WHAT YOU WILL DO> Drop every picture, then transcribe the remaining data exactly.

DATASET CONTENT>
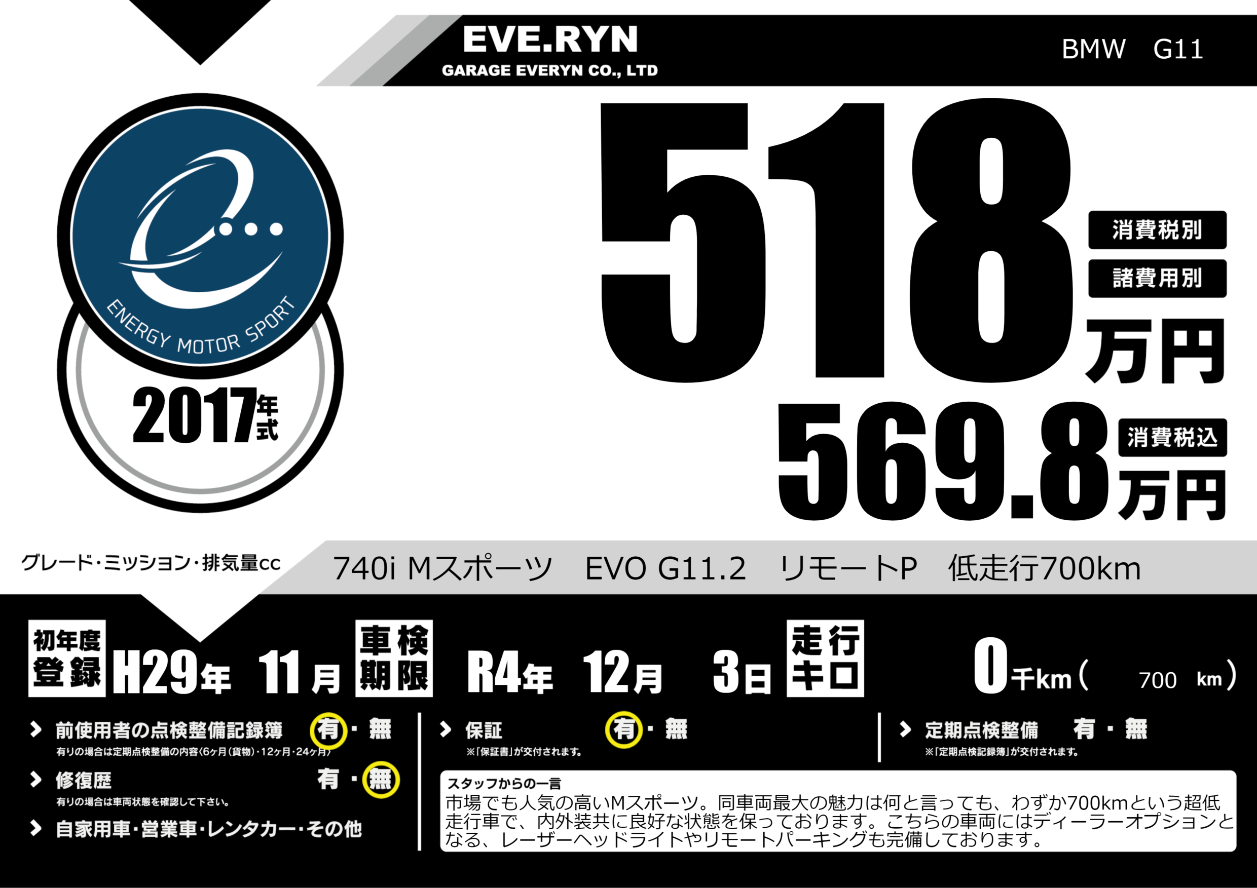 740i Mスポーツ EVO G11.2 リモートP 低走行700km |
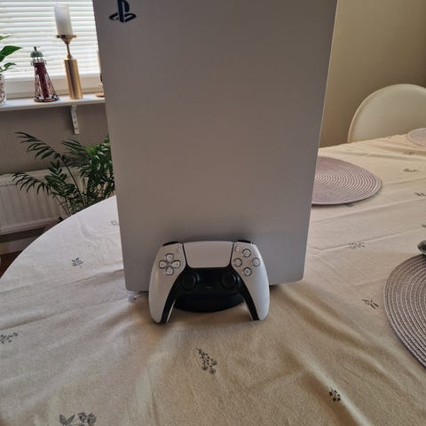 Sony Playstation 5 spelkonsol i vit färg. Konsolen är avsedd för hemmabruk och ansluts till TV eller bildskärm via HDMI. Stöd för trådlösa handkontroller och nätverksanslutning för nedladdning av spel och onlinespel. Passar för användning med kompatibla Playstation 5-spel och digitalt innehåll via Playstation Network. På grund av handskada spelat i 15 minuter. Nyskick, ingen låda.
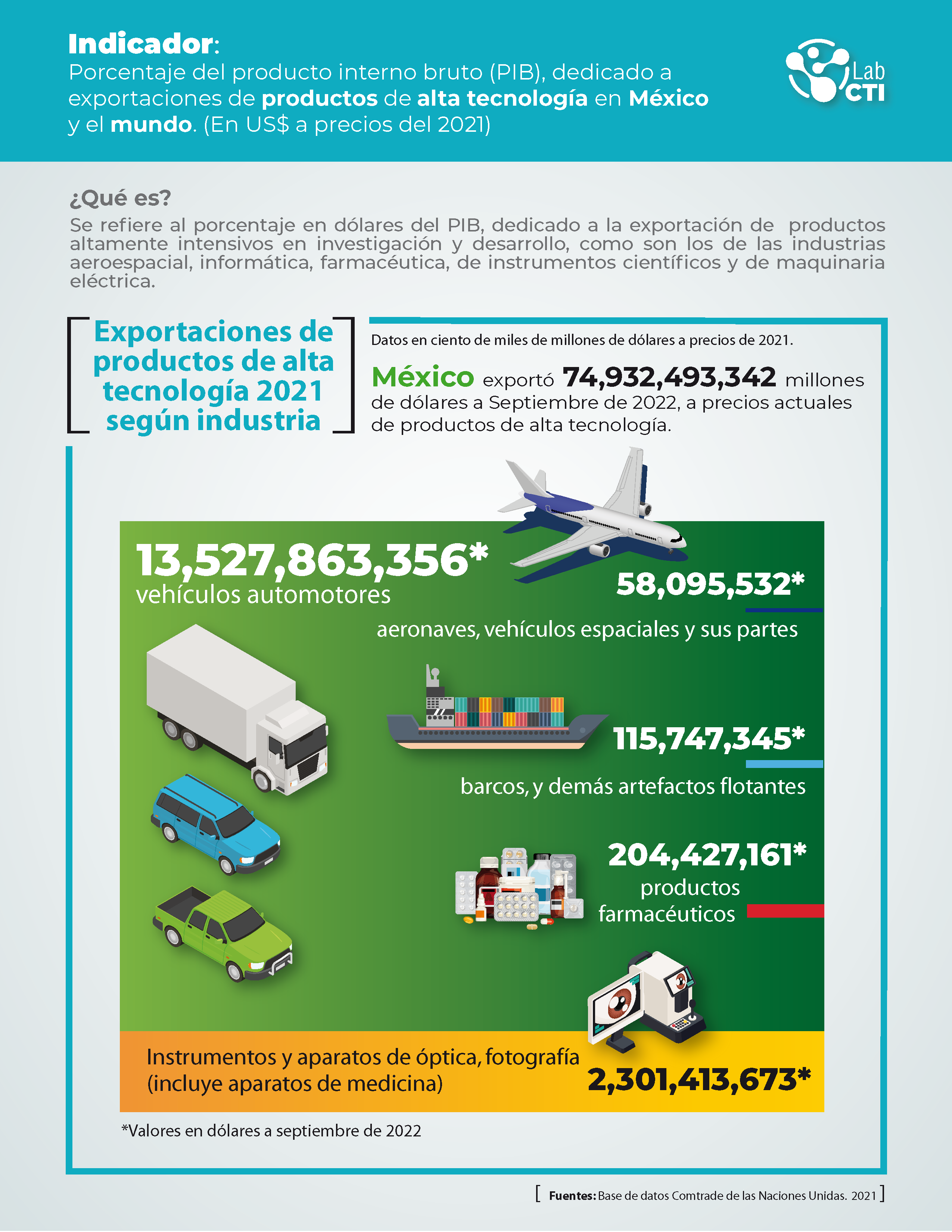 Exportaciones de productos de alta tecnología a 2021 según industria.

ANSWER BOX>
 740i Mスポーツ EVO G11.2 リモートP 低走行700km |
 Sony Playstation 5 spelkonsol i vit färg. Konsolen är avsedd för hemmabruk och ansluts till TV eller bildskärm via HDMI. Stöd för trådlösa handkontroller och nätverksanslutning för nedladdning av spel och onlinespel. Passar för användning med kompatibla Playstation 5-spel och digitalt innehåll via Playstation Network. På grund av handskada spelat i 15 minuter. Nyskick, ingen låda.
 Exportaciones de productos de alta tecnología a 2021 según industria.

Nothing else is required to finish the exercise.